EagleTribune.com, North Andover, MA

December 12, 2013

Some N.H. charities struggle to meet need

Some nonprofit groups struggle to meet the need

By John Toole
jtoole@eagletribune.com

---- — New Hampshire charities are struggling through a challenging season of giving that threatens to undermine services to needy people.

The Salvation Army of Derry, just two weeks from Christmas, is only halfway to a $200,000 goal.

“Our kettle numbers are really low,” Lt. Kiley Williams said. “We are supposed to raise $200,000. We are only at $100,000.”

The fund drive is intended to raise money to help the charity throughout the year.

“That’s a big problem for us. We have to pay rent,” Williams said. “It is very concerning.”

The concern is for the 280 children and more than 130 families the Salvation Army serves in Derry, Londonderry and Windham.

Tags are still on angel trees. Those tags bear the age, gender and wish list of a child. Donors “adopt” a child and fill all or some of their requests.

“Going through last night, there were a couple of kids that may not get anything,” Williams said.

Sonshine Soup Kitchen in Derry also is running behind with donations.

“We have been lagging,” executive director Cynthia Dwyer said yesterday.

She hasn’t done an accounting of giving yet, but said it is off. She’s hoping for a rebound in the next few weeks.

“I have my fingers crossed,” she said.

The soup kitchen is serving a historical high of 60 meals a day, Dwyer said.

“Whether we are serving one person or 100, it makes a big difference to the one or the 100 who may not have another meal source,” Dwyer said.

Financial help would make a difference for the soup kitchen.

“Cash is what’s needed right now,” she said. “It costs $12,000 a month to run the soup kitchen.”

The Derry News Santa Fund drive has raised only $3,400 toward a $22,500 goal.

Charity leaders say a combination of factors — including the economy and the shortest calendar possible between Thanksgiving and Christmas — are hurting efforts.

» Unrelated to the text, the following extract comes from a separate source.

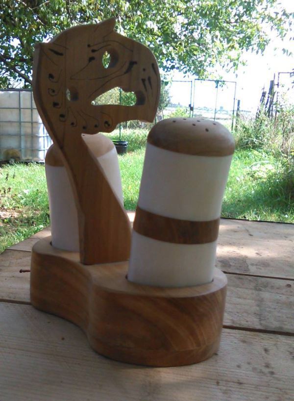 Az aztali szett három részból áll. Egy só szóróból, egy bors szóróból és a tartóból. Minden egyes asztali szett tartó külön a hozzájuk tartozó só-; és bors szóróhoz készült. A fűszertartók szarvasmarha lábszár csontból készültek. A tetejük és az alsó részük különböző típusú fából. A fa és a csont tökéletesen van összecsiszolva. A felülete teljesen síma, bársonyos tapintású.

The Adopt A Family program run by St. Anne’s Ecumenical Food Pantry has seen a recovery in giving, thanks to recent press coverage, program coordinator Aileen Wall said.

“I’d say now we actually are doing as well as previous years,” Wall said.

The program is helping 115 families, about 300 people, in Hampstead, Sandown, Danville and Atkinson.

The group feared giving would be down this year and that would be bad.

“We knew we had just as many families,” Wall said.

“We’re happy. Hopefully, the other charities will do better,” she said.

The Toys for Tots campaign, run by the Marine Corps in Londonderry, also has seen a rebound after a slow start.

Gunnery Sgt. Vince Donahue said collections turned the corner, thanks to TV and radio station drives last weekend.

“Our starting number was a lot lower than in the past,” Donahue said. “Now I think we’re a little better than last year.”

The Kingston Fire Department’s collection of toys and winter clothing has picked up, too.

“It was a little slow to start,” fire Chief Bill Seaman said. “But we just delivered a whole truckload to Town Hall.”

The department works with the town welfare office to aid needy families.

“What’s unique about our drive is all the toys go to Kingston kids,” Seaman said.

It’s never too late to give.

“Even if we get toys too late,” he said, “they hold on to them for families that get burned out during the year or for next year.”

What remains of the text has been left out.